There's a ton of baggage I'd like to see discarded if Trek were rebooted from scratch, all the stuff rooted in the '60s origins of the show and the earlier pulps that influenced it. The human-centrism, the predominance of characters from Western cultures with names of mostly British or Irish origin, the abundance of humanoid and human-appearing aliens, the lack of genetic engineering and transhumanism, the rarity of sentient or superintelligent AIs, the lack of advanced materials and molecular engineering, the inclusion of psi powers, etc. I'd also ditch the tendency to create new random aliens-of-the-week that are never seen again, and instead put more effort into developing a more limited pool of races and building a more cohesive picture of the Federation's members and neighbors.
Oh, and a more coherent treatment of sensors. No more treating them as something separate from visual observation (e.g. "We can see it but sensors don't register it"); surely sensors would include telescopes. Anything in the open on a planet surface could be directly, visually observed from orbit, as spy satellites can do today. No "sensor interference" would prevent that unless it were actual opaque clouds or something. Also, "sensor range" should be effectively limitless, allowing only for resolution and lightspeed lag; there are no horizons in space. Eventually, powerful enough telescopes should let us image and map alien worlds from parsecs away, so no more stories where the characters know nothing about a star system until they reach it. (And no more falling out of orbit when the engines go off. The Moon doesn't need engines. Orbit isn't powered flight.)
Holodecks were a late add on, and seem to make little sense relative to what we now understand as a more likely version of VR.
I'm not so sure about that anymore. I've read that there are some fundamental limitations to something like VR goggles or the Oculus Rift or the like, since our eyes are always going to focus differently on a close-up image than a distant one, so a close-up image pretending to be distant is always going to confuse the brain. Also there's the time lag between when we turn our heads and when the VR updates the image to follow, which can be made smaller but not eliminated entirely. So that kind of VR may never be perfectly convincing or comfortable, and could cause motion sickness or the like for some people. The same could conceivably go for direct sensory induction, since there's going to be a difference between what you're made to see/feel and what your body actually senses about its environment. So that would only work if your perception of reality were completely suppressed and overridden by the illusion, and that could be potentially hazardous.

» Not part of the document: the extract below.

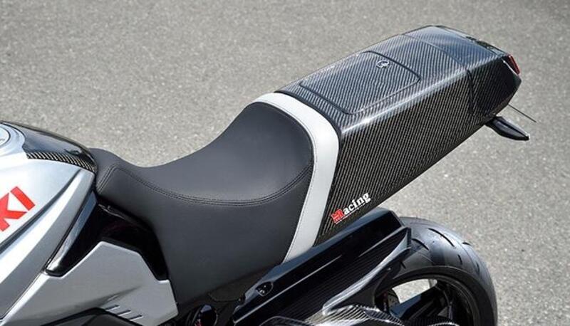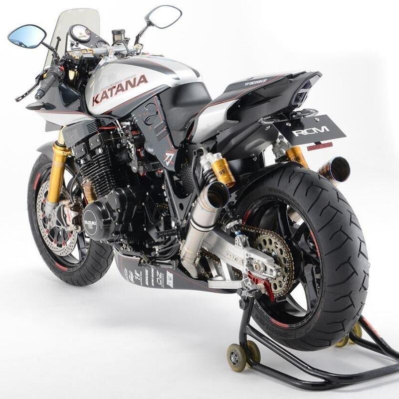 La trasformazione, che avvicina il design alla Katana 1100 del 1981, fa parte di un gruppo molto nutrito di accessori tra cui leggeri cerchi BST in carbonio, parafanghi nello stesso materiale o plexi più simili nel disegno a quelli dell'antenata, ma fa perdere il posto per il passeggero e ricava un vano portaoggetti ulteriore che per il taglio ricorda in chi scrive il faro a scomparsa di un'altra Suzuki, la 750 Shark. Per saperne (e vedere) di più potete dare un'occhiata direttamente al sito internet del produttore.

So it might be that, once the technology is available, something like a holodeck would be a better, more convincing alternative than the kinds of VR you usually see in fiction.
Transporters on the other hand are much more an issue of production. Obviously craft launches and landings would of been too expensive without, however at this point seems to be a needless part of the show.
EDIT: Be clear I'm not completely against transporters I just think they have been over used, and often get in the way of more interesting possibilities.
If I did keep transporters, I'd ditch the dematerialization angle and make them wormhole-based. That would be simpler, more plausible (to a degree), and closer to how they're generally depicted as working anyway.